I wonder if you can help...i have tried many times to work out where we stayed. It was a slightly run down area, with nearly all wooden houses, our one had three floors I think. Nice little houses, tightly packed but not really terraces, but as i say run down, i remember them saying it was quite crime heavy. It was a VERY working class neighborhood, I stayed with an Irish-American  family, but it was also quite a black neighbourhood also. It was around the corner of a school. One night, we hung out with the local teens at a disused bit of railway. Got drunk. Had a great time. There was a video shop at the corner of the road (probably long gone). 
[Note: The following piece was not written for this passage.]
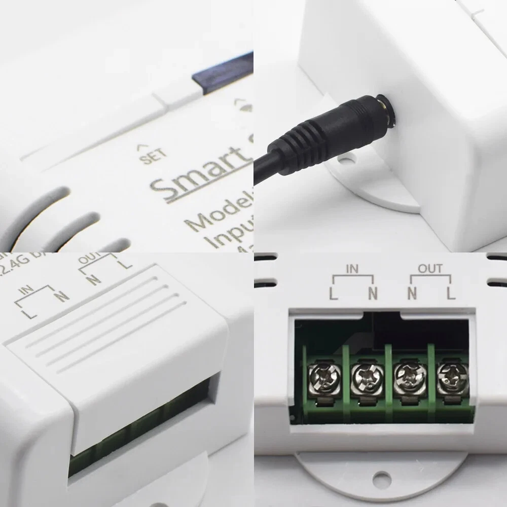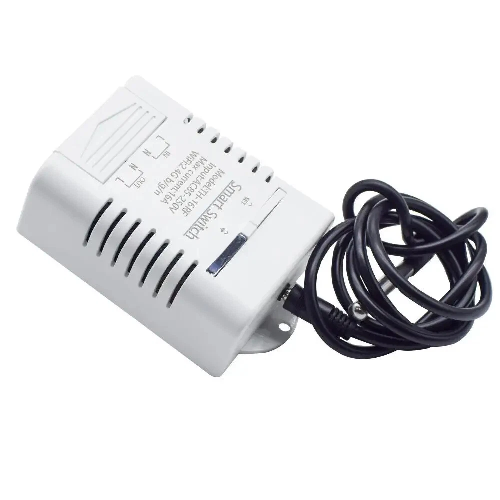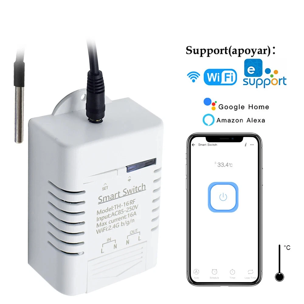 Smart TH16 Switch 16A Temperature And Humidity Monitoring WiFi Switch Wireless Control Compatible With Alexa Home Description: Working voltage: 85-250V Indicator: With a signal indicator, relay pull the ligh Supports to control different voltage ranges USB port power supply more convenient Board consumption: <1W Standby current: 80mA Standby power: <0.5W Input current: ≤16A; Wattage: ≤3500W Relay lifespan: ≥1000000 times Electrical insulation resistance: 100M Electric shock voltage: 1000V Relay maximum suction time: 15ms Relay maximum release time: 5ms Working mode: inching /self-locking, Interlock Transmission mode: -Fi communication Wireless Standard: 2.4GHz, 802.11 b/g/n Mobile App: on Android/IOS Applicable occasions: smart home. Wifi control Control distance: infinit Enclosure Material: Fire-retardant ABS Operating temperature: -40 degrees to +70 degrees Operating Humidity 40% ~ 80% RH Specifications: This wireless switch is a low-cost, affordable device with fool type wifi control module, no programming, only need to download an APP and link WIFI then can control the own cloud. As long as the module links WIFI, the connected appliance of different types and brands can be controlled via phone APP from anywhere anytime in the world. It integrates with a 433MHz RF receiver module, so the WIFI switch can be controlled by RF Remote indoors. Meanwhile, by setting timing schedules your appliances and sharing control your smart home together with your family, you can maintain an carefree life. Features: *Supports WiFi network. Supports numerous WiFi smart switches on smart phone. *Supports status tracking: device status timely provided to the . *Supports remotely turn on or off connected appliances, for example light, electric kettle, electric rice cooker, electric , etc. *Supports max 8 enabled scheduled/countdown/ timers for each device. *Voice Control: Compatible perfectly with "Amazon" Alexa, for Home/Nest, IFTTT. *RF Function: Supports controlled by 433MHz RF Remote Controller. *Share Control: Control your smart home together with your family. Package Included: 1* Thermostat 1*User Manual
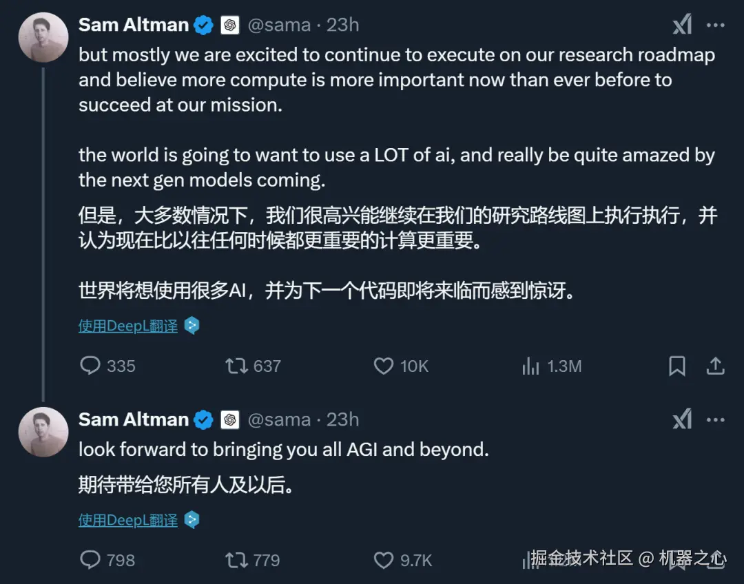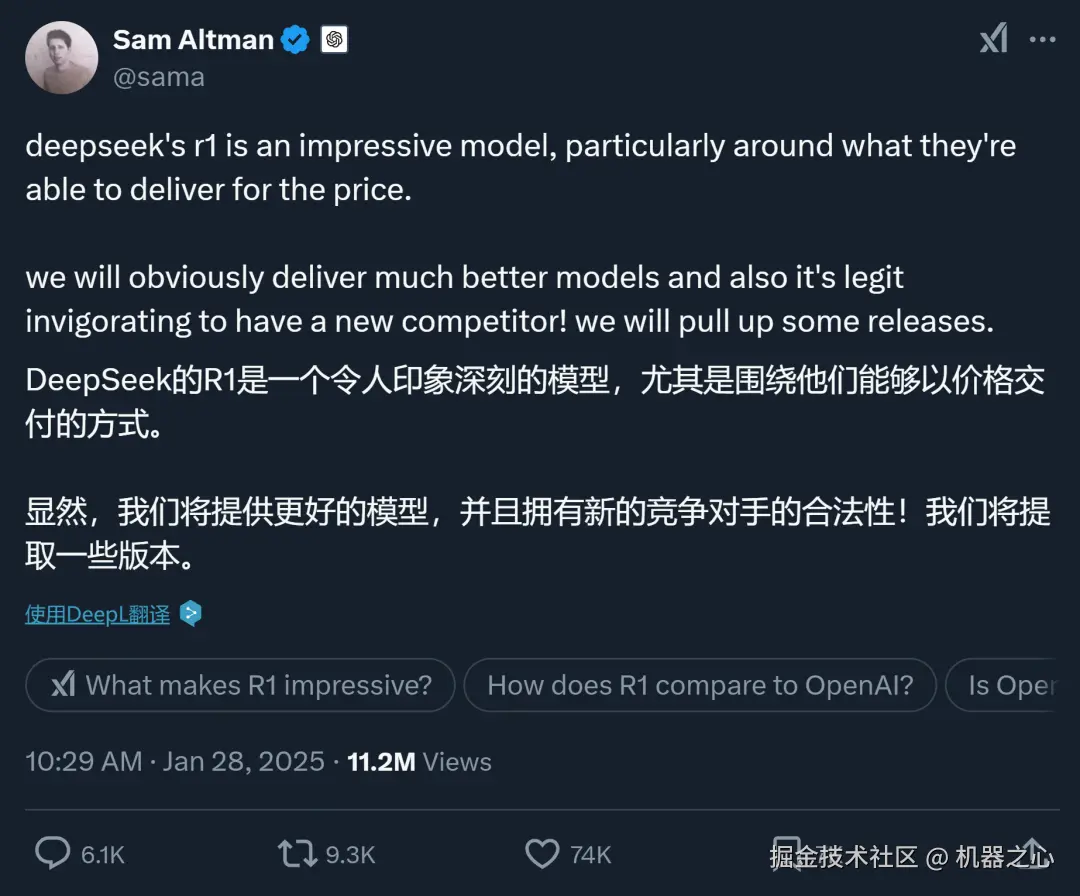 这些成就得到了包括 Sam Altman 在内的 AI 领军人物的肯定。

I know that's hardly anything to go on, but can anyone help with what possible areas that could be, back in 1997? I'd love to see the area on google maps and perhaps even locate the house we stayed in. 

Thanks


----------



## Maharani (Jan 28, 2016)

I have a good friend from Boston. I shall ask him.


----------



## Miss Caphat (Feb 15, 2016)

BigMoaner said:


> I am mid thirties now but when i was 15 I stayed with a mates Aunt in Boston for four weeks. It was the trip of a life time. We also spent time in Washington, but I have fondest memories of Boston.
> 
> I wonder if you can help...i have tried many times to work out where we stayed. It was a slightly run down area, with nearly all wooden houses, our one had three floors I think. Nice little houses, tightly packed but not really terraces, but as i say run down, i remember them saying it was quite crime heavy. It was a VERY working class neighborhood, I stayed with an Irish-American  family, but it was also quite a black neighbourhood also. It was around the corner of a school. One night, we hung out with the local teens at a disused bit of railway. Got drunk. Had a great time. There was a video shop at the corner of the road (probably long gone).
> 
> ...



Hmm, I'm from Boston. What you describe could be several different areas. South Boston? Jamaica Plain? Somerville? Cambridge? Allston? Dorchester? 
Did you go into the city itself (from the wooden houses thing, it doesn't sound like you were in any of the Boston proper neighborhoods)? And if so, do you remember how you got there? Bus? Subway? above ground or below?


----------



## Miss Caphat (Feb 22, 2016)

BigMoaner (please see above post)


----------



## Bonfirelight (Feb 22, 2016)

Sounds like you might have been in a Ben Affleck movie.


----------



## BigMoaner (Feb 22, 2016)

Miss Caphat said:


> Hmm, I'm from Boston. What you describe could be several different areas. South Boston? Jamaica Plain? Somerville? Cambridge? Allston? Dorchester?
> Did you go into the city itself (from the wooden houses thing, it doesn't sound like you were in any of the Boston proper neighborhoods)? And if so, do you remember how you got there? Bus? Subway? above ground or below?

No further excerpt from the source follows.